Ringier Axel Springer Media AG, a joint venture founded by Swiss Ringier AG and German Axel Springer AG and  one of the leading media companies in Central and Eastern Europe, has acquired through its Slovakian subsidiary a 70 percent stake in the provider of the Slovakian web portal AZET.SK. The horizontal internet portal AZET.SK operates a number of different websites and online services. Founded in 1997, the company reaches more than 75 percent of Slovakian internet users (approx. 1.9 million unique users) and is the country’s online market leader.

Florian Fels, CEO of Ringier Axel Springer Media AG: “With our stake in AZET.SK, we have instantly acquired a leading position in Slovakia’s online market, which is expected to grow by up to 25 percent over the coming years according to current forecasts. This portal with its wide range of content is an excellent fit with our strong media brands and products, as well as an ideal addition to our current portfolio in Slovakia. I am especially delighted that the existing management team with the four AZET founders will remain with AZET and support the ongoing process of innovation and digitalization launched by Ringier Axel Springer Media AG in Central and Eastern Europe.”

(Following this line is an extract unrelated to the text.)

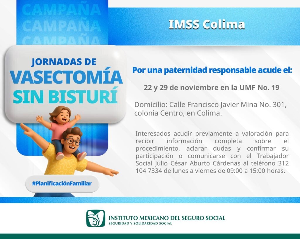• Es un procedimiento seguro, gratuito y de rápida recuperación, con efectividad superior al 99%. El Instituto Mexicano del Seguro Social (IMSS) en Colima invita a los hombres interesados en métodos de planificación familiar a participar en las Jornadas de Vasectomía sin Bisturí, que se llevarán a cabo el 22 y 29 de noviembre en […]

Milan Dubec, founder and CEO of AZET.SK: “In Ringier Axel Springer Media we have found the right partner for AZET with a strong interest in a strategic partnership. Our common goal is to continue expanding our online business and strengthen AZET’s market position. We are looking forward to this promising collaboration.”

In the current Deloitte ranking of the fastest growing technology companies in Central Europe, AZET.SK is in eighth place over all and in first place in Slovakia (Technology Fast 50 Central Europe 2010).